Orbital Space Biology Laboratories

With the end of the space race, the space program evolved. The Russians opted for longer and longer human missions on board their space stations Salyut and Mir. The Americans developed the Space Shuttle program, which included a more suitable environment for space biology research. Animals and plants were flown in the middeck and in the pressurized Spacelab and SpaceHab modules. These modules included animal holding facilities, refrigerator/freezers, small and large mass measurements devices, and special workstations for manipulating the specimens.

On Soyuz-20, launched November 17, 1975, tortoises set the duration record for an animal in space when they spent 90.5 days in space. Salyut-5 in 1976 carried tortoises and a Zebra danio fish.

The Spacelab missions were conducted in a reusable space laboratory developed by the European Space Agency, which flew 19 times in the cargo bay of Space Shuttle Columbia between 1983 and 1998. Spacelab-3, in 1985, carried 24 rats and two squirrel monkeys, orbiting for seven days. In addition to pioneering a new generation of hardware for studying animals in space, one of the crewmembers (veteran U.S. astronaut Norm Thagard) had the distinction of becoming the first person ever to clean out animal cages in orbit.

The last Spacelab flight, the Neurolab mission, was a dedicated neurology research payload. Research subjects included baby rats, pregnant mice, snails, crickets and prehistoric looking oyster toadfish (Figure 2-05). Neurolab reinforced the value of using diverse organisms to address different biological questions. For example, crickets were included by virtue of their external gravity-sensing apparatus, the development of which can be easily studied (see Figure 5-01).

Figure 2-05. An oyster toadfish flown on the Neurolab STS-90 Mission. Each fish is between 20-30 cm long. This fish is an excellent model for looking at vesti-bular function because the archi-tecture of its vestibular apparatus in the inner and middle ear is similar to those of mammals. Photo courtesy of NASA.

Figure 2-05. An oyster toadfish flown on the Neurolab STS-90 Mission. Each fish is between 20-30 cm long. This fish is an excellent model for looking at vesti-bular function because the archi-tecture of its vestibular apparatus in the inner and middle ear is similar to those of mammals. Photo courtesy of NASA.

The last flight of Space Shuttle Columbia in 2003 carried a SpaceHab module including silkworms, golden orb spiders, carpenter bees, harvester ants, and Japanese killifish. Nematodes (C. elegans) from one experiment were found still alive in the debris after the Space Shuttle Columbia disaster.

From 1995 through 1998, NASA collaborated with the Russian Space Agency to use the Mir space station, conducting numerous animal and plant life science experiments. These ranged from studying the effects of the space environment on developing quail embryos to its impact on basic plant processes such as photosynthesis and water use. A notable milestone came in 1997 when seeds harvested from plants grown in microgravity were successfully germinated in orbit. This first "seed-to-seed" growth of plants in space proved that gravity is not required for plant reproduction

As the International Space Station (ISS) assembly proceeds, on-orbit space research capability will grow as additional experimental facilities are deployed. The first ISS laboratory was placed on orbit in 2000. Other laboratories, including the European Columbus and the Japanese Kibo modules will presumably be launched in the near future. Experimental facilities that fit inside these laboratories and on attachment sites will follow in accordance with the rhythm of Space Shuttle delivery flights.

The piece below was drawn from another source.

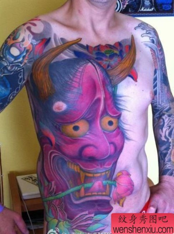 前胸超酷的一张彩色般若纹身图案

The ISS laboratory areas will have equipment such as general-purpose workstations, surgical areas, facilities for breeding and maintenance of animals, aquatic facilities for marine experiments, and multigenerational plant facilities (see Chapter 3, Section 3). Research could also be conducted on biologically regenerative life support systems. The laboratory procedures conducted on board the ISS will allow that data be available in real time on the ground, a considerable improvement compared to the earlier space stations.

Many milestones have yet to be achieved. One of the most significant will be the first birth of a mammal in space, leading to multi-generational mammalian studies. The ability of humans to reproduce and develop normally over multiple generations beyond Earth is an essential part of plans to explore and inhabit other worlds. Mammalian studies will be a critical milestone step in assessing this ability.